Nigerian politics has not been defined by such categorical
assertions of the strategic direction.
It is only good and
proper that the Presidency is aware of such developmental
sentiments in one part of the federation, that office being the
ultimate arbiter, both at the level of the symbolism and actual
powers of the President as the appointer of an array of
ministers, service chiefs and in being the Commander-in-Chief of
the Nigerian Armed Forces.
This is particularly so in the context of Goodluck Jonathan in
the sense that, by class origin and circumstances of ascendancy
in power, he is best equipped to shift the substance of politics
from mere haggling over elite interests to the era of what a
Governor Sule Lamido has also called ‘Confronting the Historical
Nightmares of the Talakawa in Nigeria’. How best this
confrontation with mass poverty and its associated agony and
ordeal for the majority can be accomplished will not come from
the accumulated wisdom of one person. Power should empower GEJ
to be able to fish out a core of dedicated developmentalists who
can fine tune the urgent and long term policy responses to the
unacceptable level of poverty in Nigeria.
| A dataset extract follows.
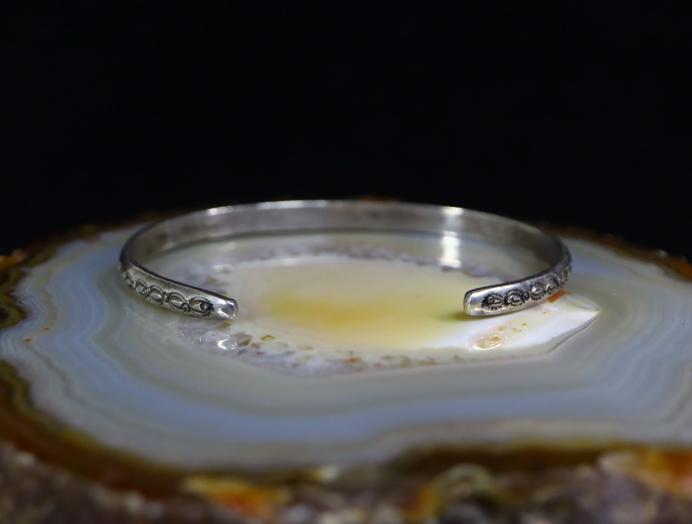 プリミティブな魅力と細いバンドによるこなれた印象がとても魅力的な作品で、細い幅のバングルとしては珍しい大きいサイズの作品となっています。

It is a historical responsibility for GEJ to counter the
divisiveness which greeted his ascendancy in power with policy
approaches that will unify Nigeria. His
impending visit to
Jigawa
State should be an
opportunity to be totally baptized in the sense of a conversion
from politics of obsession with elite squabbles to the politics
of radical populism. He can see the justification for that
conversion in the banners inbuilt in the achievements of
Governor Lamido already listed.
These are some of the reasons why Jigawa should be a turning
point for Mr. President in terms of the justification for an
ideological about-turn to a radical populist approach to
leadership and use of power. The ambition of every politician is
to be used by God to wipe the economic, cultural, religious and
other identity tears of the masses.
Wiping the tears of the masses in Nigeria is one of the reasons for
the formation of the PDP in the provision of safety nets for
Nigerians promised by the PDP at its formation in 1998. There is
no better way of waving radical populist banners and providing
Nigerians with safety nets than giving life and momentum to
certain, concrete pro-people policies. That is how GEJ will make
history. And that is how PDP can rule for 200 years. That is the
length of time the Acting National Chairman of the PDP has
shifted how long PDP will rule Nigeria.
That is how all these
scenarios of doomsday, crisis and collapse can be completely and
permanently repudiated. And how the kind of critical mass that
will put Nigeria on the global map will
emerge.
Welcome to Jigawa, President Goodluck Jonathan.